§ **Source material**:
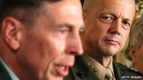 Gen Allen, a four-star Marine general, succeeded Gen Petraeus as the top American commander in Afghanistan in July 2011.
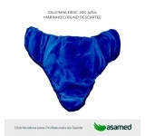 A calcinha descartável é confeccionada em tecido não tecido (TNT), 100% polipropileno, com costuras em overlock e lastéx. Indicada para viagens, hospitalização e tratamentos, sendo confortável permitindo a transpiração da pele.
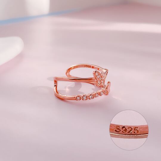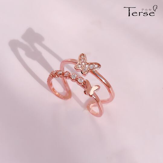 Terse上質CZダイヤがセットされた蝶型2連セットリング 中央の指輪が蝶をモチーフしたハイセンスなデザインでそれを挟み込むようにシンプルなフォークリングがセットでき ゴージャス感を一層アピールします 高貴な輝きにきっと目を奪われる サイズフリーrs0211apg
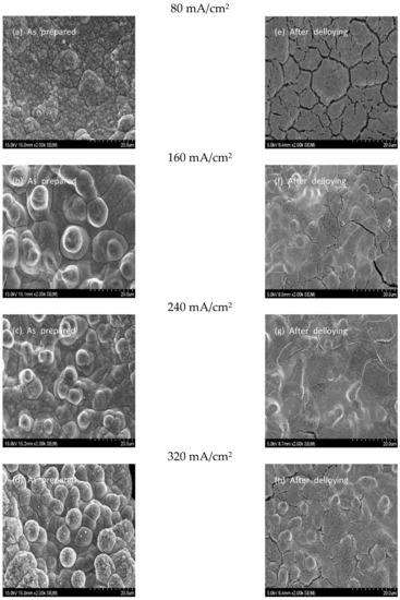 An electrode was prepared by varying the plating current density at a constant electric charge (). Figure 1 shows the electrode surface images taken before (Figure 1a–d) and after dealloying (Figure 1e–h) in plating bath E at different plating current densities. As shown across Figure 1a–d, an increase in the plating current density changes the surface morphology. At the plating current density of >160 mA/cm2, a cauliflower-like structure was found on the deposited electrode that had not been observed at 80 mA/cm2. This structure was formed because the local crystal growth was facilitated by the Ni-ion consumption rate exceeding the Ni ion diffusion rate in the electrolyte with increased plating current density [27]. In addition, a previous study reported that the rate of nucleation increased with the plating current density and formed finer particle size, indicating an inverse proportional relationship between particle size and plating current density [28]. This study observed a decrease in particle size and a cauliflower-like morphology as the plating current density increased. The observation is consistent with the previous study. A crack structure was also observed on the electrode surface after Zn dealloying (Figure 1e–h).

§ **Task details**:
Pictures are not part of the copy. Please reproduce the material word for word.

§ **Written answer**:
 Gen Allen, a four-star Marine general, succeeded Gen Petraeus as the top American commander in Afghanistan in July 2011.
 A calcinha descartável é confeccionada em tecido não tecido (TNT), 100% polipropileno, com costuras em overlock e lastéx. Indicada para viagens, hospitalização e tratamentos, sendo confortável permitindo a transpiração da pele.
 Terse上質CZダイヤがセットされた蝶型2連セットリング 中央の指輪が蝶をモチーフしたハイセンスなデザインでそれを挟み込むようにシンプルなフォークリングがセットでき ゴージャス感を一層アピールします 高貴な輝きにきっと目を奪われる サイズフリーrs0211apg
 An electrode was prepared by varying the plating current density at a constant electric charge (). Figure 1 shows the electrode surface images taken before (Figure 1a–d) and after dealloying (Figure 1e–h) in plating bath E at different plating current densities. As shown across Figure 1a–d, an increase in the plating current density changes the surface morphology. At the plating current density of >160 mA/cm2, a cauliflower-like structure was found on the deposited electrode that had not been observed at 80 mA/cm2. This structure was formed because the local crystal growth was facilitated by the Ni-ion consumption rate exceeding the Ni ion diffusion rate in the electrolyte with increased plating current density [27]. In addition, a previous study reported that the rate of nucleation increased with the plating current density and formed finer particle size, indicating an inverse proportional relationship between particle size and plating current density [28]. This study observed a decrease in particle size and a cauliflower-like morphology as the plating current density increased. The observation is consistent with the previous study. A crack structure was also observed on the electrode surface after Zn dealloying (Figure 1e–h).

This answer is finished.